For family historians, this has several great benefits; you can see, at a glance:
  • how streets have developed since the previous map
  • where new buildings are
  • where streets have disappeared
  • which streets have been renamed
and that will make it easier than ever to look at census records, view the route taken by the census enumerator, and go directly to the site of an ancestor's dwelling, and if you're lucky the actual dwelling itself.

Also, I think it will be helpful when looking at valuation rolls to see what a street looked like before or after.

The picture shows an area of Spring Gardens, Edinburgh. Notice how a bit of land to the right of St Ann's Bank House in the top map (1849) has become a row of buildings, Violet Bank, in the bottom map (1876).

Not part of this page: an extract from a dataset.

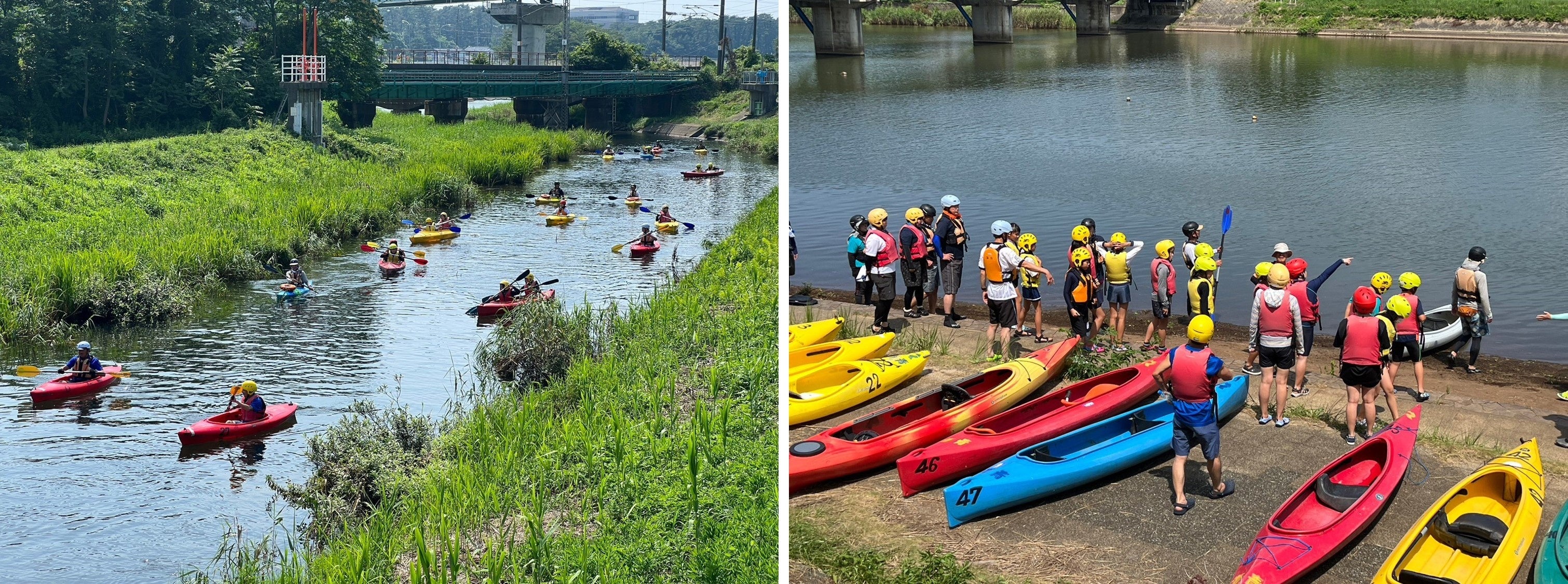 子どもたちは実際にサケが遡上するルートをカヌーで辿り、なぜサケが減っているのか、どんな対策が行われれているのかを体験しました。はじめは月光川河口から牛渡川、山の麓にある箕輪鮭孵化場へと川を上りました。月光川は湧水が源流であるため水に触れた子どもたちはその冷たさに驚いていました。この水温の低さもサケが育つうえで重要な要素なのだそうです。また、箕輪鮭孵化場の近くには「丸池様」という、湧水だけで満たされた美しい池があり、地元では古くから神聖な場所として大切に守られています。冷たい湧水が絶え間なく入れ替わるため、倒木が朽ちる事なくずっと池の底に沈んでおり、その神秘的な様子に子どもたちも思わず息を飲みました。カヌー体験中子どもたちは水温の変化を自らの手で感じ、サケは故郷の冷たい水を目指してやってくるんだね、流れに逆らって進むのは大変だが遊佐の冷たい水は最高のご褒美だねなどと感想を語っていました。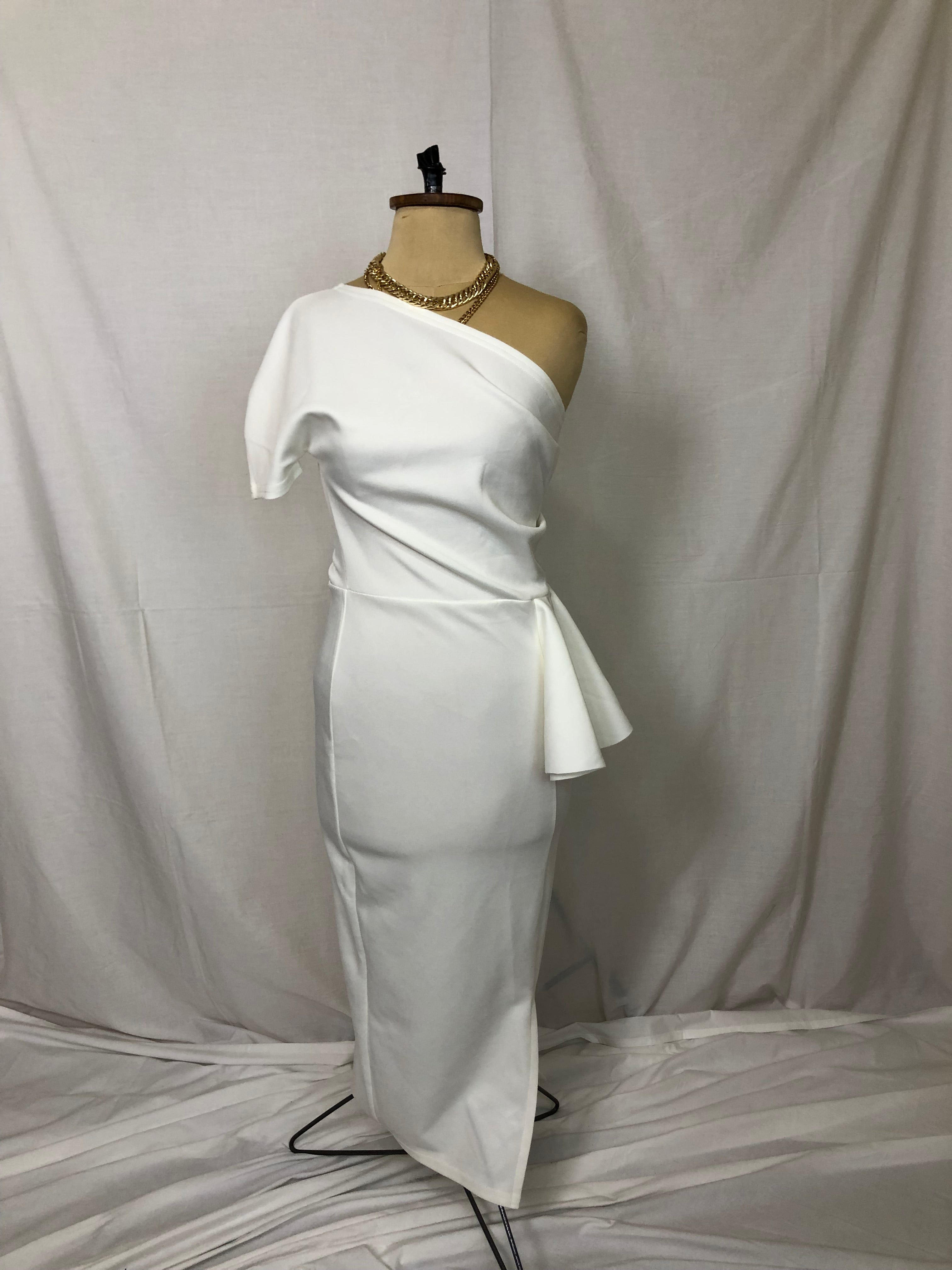 New white shirt sleeves full length one shoulder dress with a side slit.

Have a go at using the dual map tool, yourself, and let me know what you think.

If you want to change map when you're in the tool, click the [clear overlay] link to remove the map, then click the new map you want.

Of course, the great drawback for us is that it allows only the comparison of Edinburgh maps, however, as it has been done for Edinburgh, it presumably can be done for other places, too; and that's another great reason to get on with the geo-referencing of historical maps.